Où vous êtes-vous rencontrés ?

LCDD : "Nous nous sommes rencontrés en école d’ingénieurs, à Télécom Paris, il y a douze ans. On y faisait déjà beaucoup de choses créatives : de la musique, du théâtre, des sketchs, de la vidéo, des scénarios, etc. On avait une attirance pour ça… Au lieu de bosser nos examens, on travaillait sur une émission de télé sur Internet pour laquelle nous réalisions de nouvelles chansons tous les quinze jours. En fait, on s’est très vite rendu compte que l’on n’avait rien à apporter au niveau de l’école. On n’a pas traîné."

Comment passe-t-on de bidouillages à l’école au milieu artistique ?
Alec : "On est d’abord passé de l’école au conseil, et ça c’est plutôt facile… Mais on nous demandait de savoir plein de choses alors que l’on n’avait pas l’expérience nécessaire… Au bout d’un an et demi dans le secteur, Clément est devenu prof de maths. Moi, j’ai eu des opportunités de projets artistiques qui me permettaient de gagner ma vie comme intermittent du spectacle. Très honnêtement, la musique et le cinéma, j’avais cela en tête depuis tout petit. Mais au-delà de ça, le RER à Châtelet à 8 h du matin, ce n’était pas forcément notre tasse de thé."

La Chanson du Dimanche, précisément, c’est venu comment ?
LCDD : "En discutant avec Damien Nacaud, qui a travaillé avec nous sur Beaubourg, le groupe que nous avions formé pour chanter des chansons franco-italiennes (NDLR : Alec est d’origine italienne). On tournait avec les trois mêmes chansons depuis cinq-six ans. On voulait réaliser de nouvelles compositions. Damien nous a encouragés à organiser un nouveau rendez-vous avec les Internautes basé sur l’actualité. On s’est dit : "ok pour le challenge, allons-y !". On a trouvé que la chanson du dimanche, c’était sympa. Ce jour-là, il ne se passe pas grand chose…"

Passer par Internet, c’est indispensable pour se faire connaître puis reconnaître ?
LCDD : "C’est sûr, ça aide. On a commencé avec une page MySpace puis on a utilisé Dailymotion. Aujourd’hui, on est "vivant". La scène, chanter et rigoler avec le public, c’est tout ce que l’on veut faire depuis dix ans."
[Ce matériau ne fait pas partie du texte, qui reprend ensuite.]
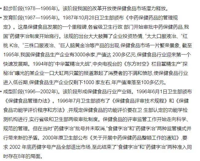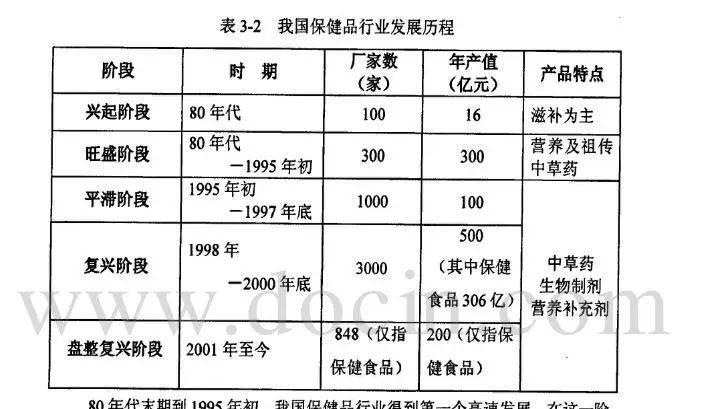 在这篇论文里,有一个保健(食)品行业发展的时间表,在这个表里,“第一个旺盛(发展)阶段是20世纪80年代末到1995年初。1995年到1997年经历了一个停滞期。1996年后相继出台了一些列保健品行业的制度规定。1998年底到2000年开始,进入了一个飞速发展的阶段。”

Une chanson par semaine, c’est un rythme à faire pâlir Francis Cabrel. Comment vous y prenez-vous ?
LCDD : "Les gens nous attendent un certain jour. On est obligé d’être dans le mouvement, on est entraîné dans le jeu. Concrètement, on doit rendre notre copie le samedi. Donc on ne se pose pas de questions dix heures pour le peaufinage. On pose des idées brutes, une mélodie et on envoie la chanson, on la fait exister. L’important, c’est surtout le fond, pas trop la forme. Ensuite, on fait confiance aux gens pour s’approprier les textes, les comprendre. Mais cela ne se voit peut-être pas mais on est assez exigeant sur ce que l’on écrit !"

Quel est votre programme pour les vacances ?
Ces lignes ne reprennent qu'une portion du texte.